# Indoor shoot



## c_m_shooter (Aug 15, 2018)

There is more to indoors than arrow diameter.


----------



## ahunter55 (Aug 17, 2009)

c_m_shooter said:


> There is more to indoors than arrow diameter.


Amen to that..


----------



## dleach1407 (Jan 15, 2014)

Yes. Watch the pros. Even the pros pick up points because they have fat arrows, points they would have missed with skinny arrows. Why not have every possible advantage? I shoot easton super drive pro 27s indoor. Almost everyone in my league shoots 27s


----------



## ahunter55 (Aug 17, 2009)

Long ago (we are OLD now) I shot my 1st perfect 300 round with Aluminum 1716 shafts, fingers & recurve (my brother did the same several times). That's about 1/3 the size of a fat 2712. Now 50+ years later I am going to try my 1st fat shafts this winter (2712s, 30" & 300 grn points with 4" FEATHERS, slight helical) We will see. BUT, I've been to many indoor competitions over the years (this does make a difference for most) I would shoot what you have so you won't have to be "tuning" something new. Start making decisions after being there & seeing others tackle. ENJOY it & good luck...


----------



## ConnorC247 (Oct 23, 2021)

I would recommend fat arrows probably 23 diameter invade you do and usa where that is the biggest allowed, but as the other said there is a lot more than just arrows and most of that it you. You have to stay in it mentally and don’t let a bad shot affect your shooting and the best thing to do is focus on your current shot and keep thinking “just one perfect form shot”. Oh and also make sure to have a good time and don’t take things to seriously


----------



## Steve72xring (Feb 13, 2021)

I'm finding the 27 size arrows are more difficult to be consistent with than 23 size arrows. Being older I only shoot 50#, so the stiffness is hurting it seems


----------



## 1/2 Bubble Off (Dec 29, 2016)

Ktmrider.rr said:


> I just signed up for my first ever state indoor championship.. I guess they are shooting 15 ends 450 total points. Right now I shoot B.E Rampage, .204. 400 spline.
> 
> My question is, would you recommend building some big fat arrows for indoor? Would I also get them in 400.
> 
> Ty


I agree with others that there is more to indoor than arrow diameter but... you can't deny the advantage of fatter shafts.

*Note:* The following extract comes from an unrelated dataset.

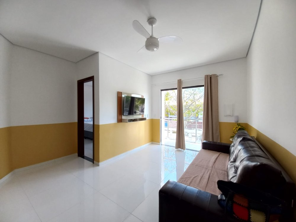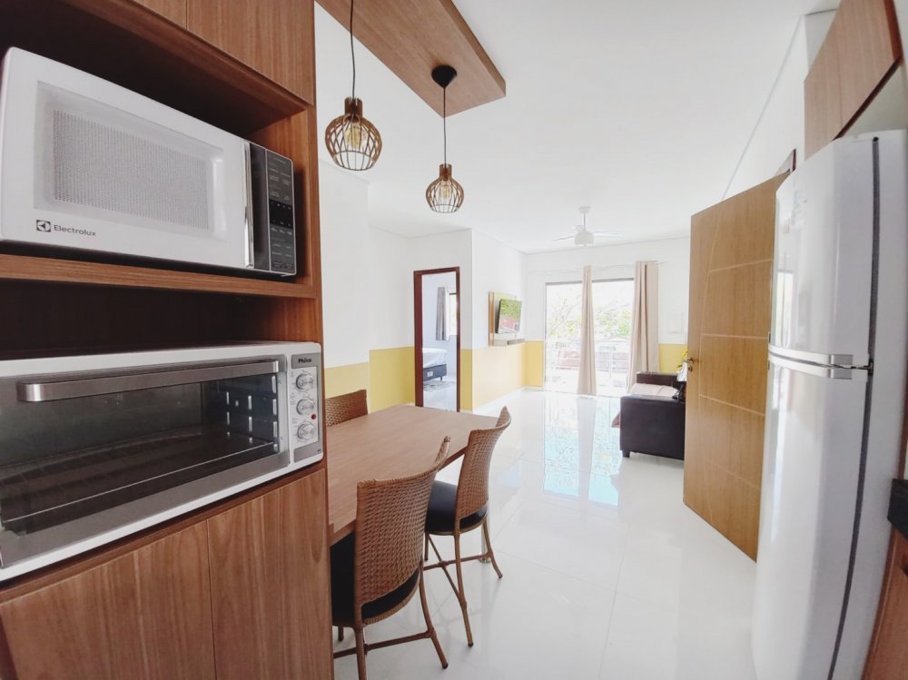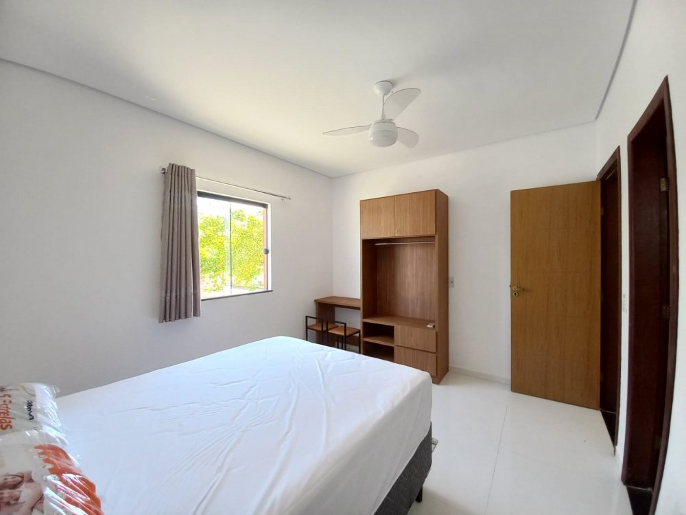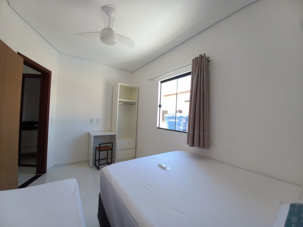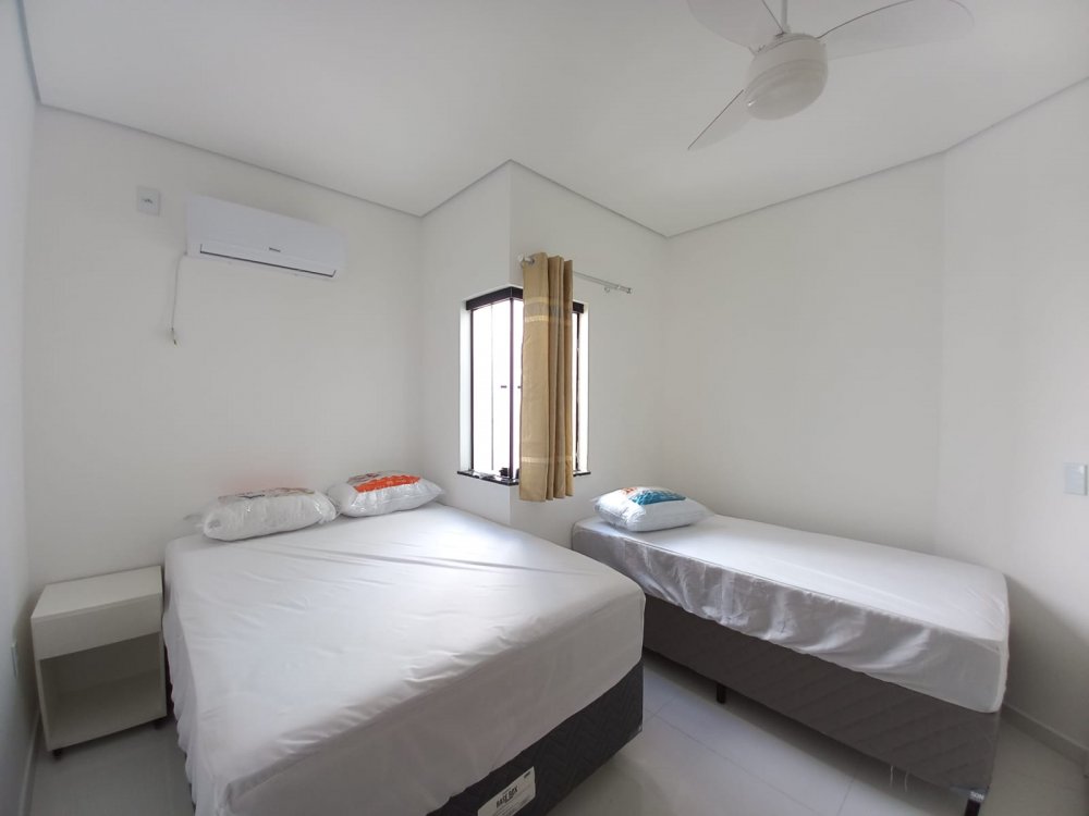 Apartamento no piso superior com 3 quartos com ar condicionado, sendo 1 suite, um banheiro social, mobiliado, com internet, TV, sala, cozinha, varanda, em condomínio com piscina, churrasqueira e vaga de carro, 3 minutos da Praia de Taperapuan, perto da Barraca do Gaucho.

This being said, it comes down to what sanctioning body your State Championship follows or YOU will participate in most often.

NFAA allows for 27's but USA Archery only allows 23's as max diameter.

My target arrows are:

Kill'n Stix Tournament XL (27/64") - NFAA and Vegas style events

Kill'n Stix Tournament (23/64") - USA Archery 18m/25m

Kill'n Stix Micro LT (.165") - Any outdoor target event (NFAA 900 or 50m FITA)


----------



## Tailpipe44 (5 mo ago)

Steve72xring said:


> I'm finding the 27 size arrows are more difficult to be consistent with than 23 size arrows. Being older I only shoot 50#, so the stiffness is hurting it seems


Good point, and it is one that I wanted to bring up. (40x avg here so no sharpshooter)I am shooting a 50# bow 29DL and have a set of 350 26's and a set of 400 23's both 29 c2c. Now I shot the slightly stiffer 26's with 130 point weight with ok results, I am not an excellent shooter, and I tend to have preignition movements on some shots that can effect arrows. I am also new to indoor and I have shot a couple rounds with the 26's and only one with the 23's. I am going to start tracking data but based on feel, I think the 23's are a little more forgiving and consistently for me when I have these preignition movements but time will tell. Something tells me that a 23 may be more forgiving when accidentally torquing the bow too but that's just me thinking out loud...

I have heard sooo many people say that spine does not matter for indoors but from a feel standpoint alone, it's definitely different. So at this point I don't really have an idea as to why everyone doesn't shoot a ps26 or 27 that is spined for them at 350-400 vs a 150 - 250 spine you so commonly see being shot of 50-60 lb bows.

Question, I know Mike Schloesser and some others shoot 23's at all events even where 27's are allowed. Is this only for inside outs? or does he sacrifice the diameter for forgiveness?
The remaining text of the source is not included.